**Install required libraries**

In [None]:
!pwd
!pip install --upgrade pip

# Install required libraries
!python3 -m pip -q install redis
!pip install -U langchain gradio
!pip install -U langchain-core
!pip install -U langchain-community
!pip install -qU pypdf
!pip install -U redisvl
!pip install openai
!pip install -qU langchain-openai

**Configure Redis Enterprise**

In [2]:
## Update the 'host' field with the correct Redis host URL
host = ''
port = 16533
password = 'admin'
requirePass = True


In [3]:
import redis

if requirePass:
    client = redis.Redis(host = host, port=port, decode_responses=True, password=password)
else:
    client = redis.Redis(host = 'localhost', decode_responses=True)

print(client.ping())
# Clear Redis database (optional)
client.flushdb()

REDIS_URL = f"redis://:{password}@{host}:{port}"
INDEX_NAME = f"idx_qna"

True


**Download sample PDF report and create knowledge base**

This PDF file will be used to get answers for the questions related to the contexts

In [4]:
!wget https://storage.googleapis.com/abhi-data-2024/how_india_shops_online.pdf -O report.pdf


--2025-01-10 18:35:28--  https://storage.googleapis.com/abhi-data-2024/how_india_shops_online.pdf
Resolving storage.googleapis.com (storage.googleapis.com)... 142.251.184.207, 108.177.121.207, 209.85.145.207, ...
Connecting to storage.googleapis.com (storage.googleapis.com)|142.251.184.207|:443... connected.
HTTP request sent, awaiting response... 200 OK
Length: 13218601 (13M) [application/pdf]
Saving to: ‘report.pdf’


2025-01-10 18:35:33 (4.42 MB/s) - ‘report.pdf’ saved [13218601/13218601]



In [5]:
from langchain.text_splitter import RecursiveCharacterTextSplitter
from langchain.document_loaders import UnstructuredURLLoader
from langchain.chains import RetrievalQA

#from langchain.document_loaders import PyPDFLoader
from langchain_community.document_loaders import PyPDFLoader


file = "report.pdf"

# set up the file loader/extractor and text splitter to create chunks
text_splitter = RecursiveCharacterTextSplitter(
    chunk_size=2500, chunk_overlap=50, add_start_index=True
)

loader = PyPDFLoader(file)
documents = loader.load()

chunks = text_splitter.split_documents(documents)
#chunked_docs = [doc.page_content for doc in chunks]

In [6]:
chunked_docs = [doc.page_content for doc in chunks]

print("*****")
print(chunked_docs)

*****
['PwC | How India shops online: Consumer preferences in the metropolises and tier 1-4 cities\n1 \nHow India \nshops online:', 'PwC | How India shops online: Consumer preferences in the metropolises and tier 1-4 cities\n2 \nTable of contents\n3 6 8\nForeword About this report Executive summary: \nUnderstanding the \nshopping experience \nand behaviour of urban \ndwellers and the rest of \nIndia\n18\n19\n48\nFrom fashion to \ngourmet food: \nExploring trends \nacross categories \nFashion and accessories\nSports and fitness\nElectronics\nHome and kitchen \nBeauty and personal care\nHealth and wellness\nGrocery\nSmall towns can drive big \nbusiness\nPwC | How India shops online: Consumer preferences in the metropolises and tier 1– 4 cities 2  \n23\n27\n31\n35\n40\n44', 'PwC | How India shops online: Consumer preferences in the metropolises and tier 1-4 cities\n3 \nForeword\nIn the past few years, about 12.5 crore 1 consumers in India shopped online for the first time \nand since then

**Configure Open AI key**

In [7]:
import getpass

# setup the API Key
api_key = getpass.getpass("Enter your OpenAI API key: ")

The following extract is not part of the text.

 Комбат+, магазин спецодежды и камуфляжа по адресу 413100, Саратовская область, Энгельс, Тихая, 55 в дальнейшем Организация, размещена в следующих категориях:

Enter your OpenAI API key: ··········


# Create text embeddings with Open AI embedding model

Use the Open AI for text embeddings, developed by Google.

Text embeddings are a dense vector representation of a p\iece of content such that, if two pieces of content are semantically similar, their respective embeddings are located near each other in the embedding vector space. This representation can be used to solve common NLP tasks, such as:


*   Semantic search: Search text ranked by semantic similarity.
*   Recommendation: Return items with text attributes similar to the given text.
*   Classification: Return the class of items whose text attributes are similar to the given text.
*   Clustering: Cluster items whose text attributes are similar to the given text.
*   Outlier Detection: Return items where text attributes are least related to the given text.

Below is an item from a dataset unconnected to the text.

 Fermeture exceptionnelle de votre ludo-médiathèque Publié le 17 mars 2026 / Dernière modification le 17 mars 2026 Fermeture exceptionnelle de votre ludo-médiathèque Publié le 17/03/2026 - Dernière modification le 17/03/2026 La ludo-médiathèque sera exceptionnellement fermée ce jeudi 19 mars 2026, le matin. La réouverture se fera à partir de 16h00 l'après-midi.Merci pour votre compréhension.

The Open AI text-embeddings API lets you create a text embedding using Generative AI on Vertex AI. The text-embedding-3-large model accepts a maximum of 4096 input tokens (i.e. words) and outputs 1024-dimensional vector embeddings.

In [8]:
from langchain.vectorstores.redis import Redis
from langchain.text_splitter import RecursiveCharacterTextSplitter
from langchain.document_loaders import UnstructuredURLLoader
from langchain.chains import RetrievalQA
from langchain.document_loaders import UnstructuredFileLoader
from langchain_openai import OpenAIEmbeddings


embeddings = OpenAIEmbeddings(
    model="text-embedding-3-large",
    dimensions=1024,
    api_key=api_key
)

def get_vectordb() -> Redis:
    """Create the Redis vectordb."""
    # Load Redis with documents
    vectordb = Redis.from_documents(
        documents=chunks,
        embedding=embeddings,
        index_name=INDEX_NAME,
        redis_url=REDIS_URL
    )
    return vectordb


redis = get_vectordb()


# Include RAG

We're going to build a complete RAG pipeline from scratch incorporating the following components:

Standard retrieval and chat completion
Dense content representation to improve accuracy
Query re-writing to improve accuracy
Semantic caching to improve performance
Conversational session history to improve personalization

### Define Prompt template
PromptTemplate defines the exect text of the response that would be fed to the LLM. This step is optional, but the defaults usually work well for OpenAI and might fall short for other models.

In [9]:
#@title Function to define prompt template

def create_prompt():
    """Create the QA chain."""
    from langchain.prompts import PromptTemplate
    from langchain.chains import RetrievalQA

    # Define our prompt
    prompt_template = """Use only the following pieces of context to answer the question. If you don't know the answer, say that you don't know, don't try to make up an answer.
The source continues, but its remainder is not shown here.